We evaluated whether choosing an alternative study site could improve the correlation between sample allocation and cumulative incidence of PCR-confirmed infections by ward, with the goal of reducing uncertainty in estimated seroprevalence. We observed that the GPS-estimated visitor catchment distribution at the alternative site (Vjalt) is strongly correlated with ward-level cumulative incidence of PCR-confirmed infections (r=0.93, p=0.0072, Figure 2D).
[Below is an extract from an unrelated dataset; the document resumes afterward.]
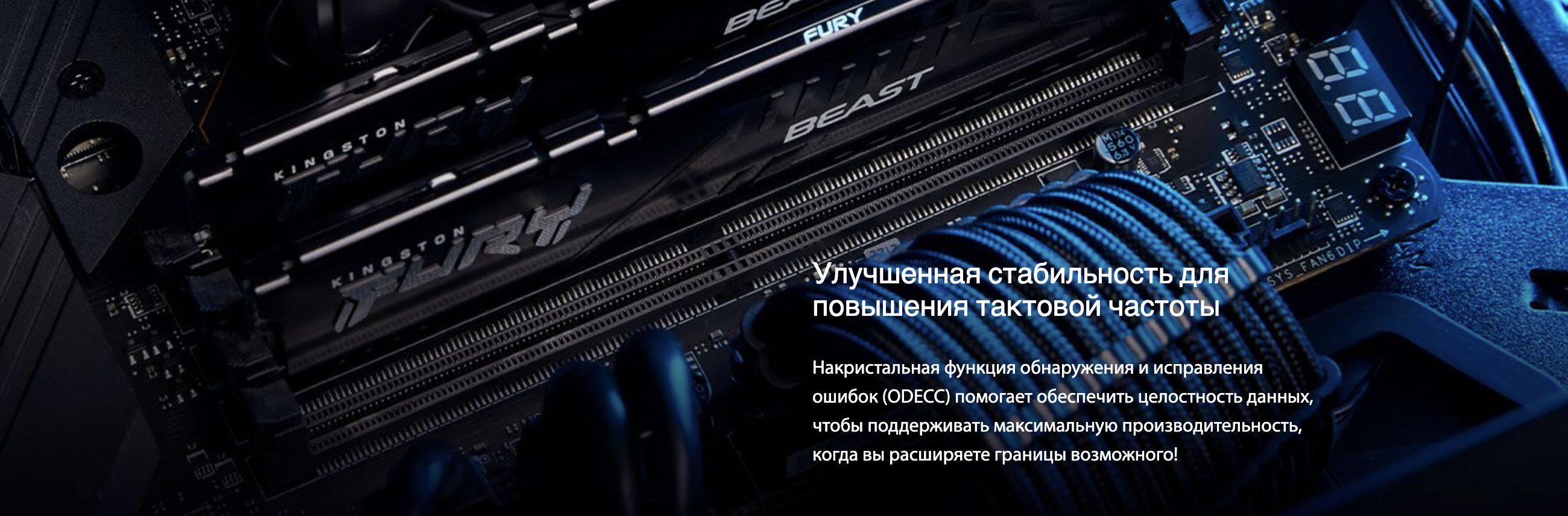 Оперативная память Kingston FURY™ Beast DDR5 обеспечивает превосходную скорость, емкость и надежность для игровых платформ нового поколения. Такие функции, как ECC на кристалле для лучшей стабильности и два 32-разрядных подканала для большей эффективности, помогут повысить производительность компьютера. Kingston FURY Beast DDR5 поддерживает спецификации оверклокинга Intel® XMP 3.0 и AMD EXPO™ с профилями, в которых можно настроить скорости и тайминги, обеспечивающие максимум впечатлений от игр, стримов 4K+, анимации и 3D-рендеринга.

If subgroup sizes are known and differences in subgroup-level seropositivity can be inferred or assumed, allocating more samples to larger subgroups and those with higher expected seropositivity will improve precision for weighted population-level seroprevalence estimates (Figure S5 and Equation 2) [17]. This suggests that, if the GPS-estimated visitor catchment distribution reliably predicts the survey participant catchment at the alternative study site, this location would yield improved sample allocation across geographic subgroups that more closely approximates optimal sample allocation.
Venue location and uncertainty in SARS-CoV-2 seroprevalence estimates
We used numerical simulation to quantify uncertainty in estimated SARS-CoV-2 seroprevalence under different survey participant catchment distributions. Specifically, we constructed a simple synthetic population with seven geographic subgroups, corresponding to the seven electoral wards in Somerville, each divided into three age-based subgroups. We specified the size of each subgroup using local census data [15] and specified the true underlying seropositivity for each age-location subgroup by assuming these values are proportional to the observed cumulative incidence of PCR-confirmed infections for each subgroup. Using this model, we compared three sample allocation scenarios: (1) optimal allocation, in which the number of individuals sampled from each age-location subgroup is specified to optimally reduce uncertainty in the resulting seroprevalence estimates (per Equation 2 in the Supplementary Information); (2) allocation according to the observed survey participant catchment distribution for the actual study site; (3) allocation according to the GPS-estimated visitor distribution at the hypothetical alternative study site. (Additional details on model specification and sensitivity testing for model parameters are available in the Supplementary Information.)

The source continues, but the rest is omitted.